Kala itu kata “buyah” amat terasa begitu ganjil bagiku untuk memanggil seorang pria yang bertanggung jawab akan kehidupan ku didunia. Ya layaknya anak usia kelas 1 sd lainnya, baginya memanggil seorang wanita yang melahirkannya dengan kata “mama” akan begitu tepat jika disandingkan dengan kata “papa”. Terngiang sebuah kejadian yang cukup membuat ku akhirnya bertahan untuk memanggil pria itu dengan kata “buyah”. Ya pagi itu, Idul fitri yang ke-7 bagi Hajar kecil, hari terasa amat sangat menakjubkan karena banyak orang dengan satu kepentingan yang sama yaitu saling bersilaturahmi  berkumpul pada hari itu.
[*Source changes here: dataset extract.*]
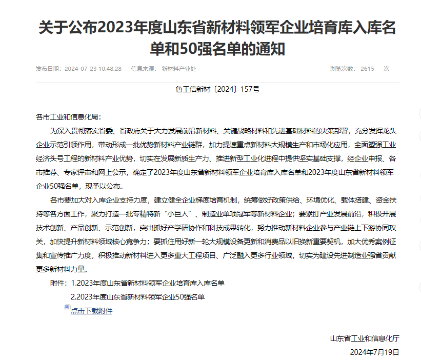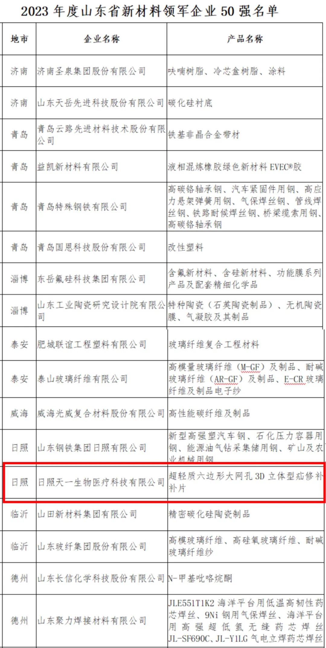 近日,山東省工業和信息化廳公布了2023年度山東省新材料領軍企業50強名單,日照天一生物醫療科技有限公司成功入選。

Hajar kecil pun memulai untuk mengenali kumpulan orang itu. Ya, tentu mama tak luput merupakan orang yang mendampingi proses ini. “Aku mau manggil buyah dengan sebutan papa” rengek Hajar kecil dihadapan kumpulan orang itu. Ketika mama masih berusaha untuk membujuknya, datanglah seorang yang nampak berusia lebih muda dari mama. “Kalau buyah dipanggil papa nanti ketuker dong panggilannya sama papa sibat”, ujar seseorang yang datang tersebut.  Ya Hajar kecil baru saja menyadari, ada begitu banyak orang dalam kumpulan tersebut yang harus dipanggilnya dengan sebutan papa, ayah dan buyah. Dengan keterbatasan pengetahuan yang dimilikinya saat itu, Hajar kecil pun akhirnya menerimanya, ya menerima untuk memanggil pria itu dengan kata Buyah.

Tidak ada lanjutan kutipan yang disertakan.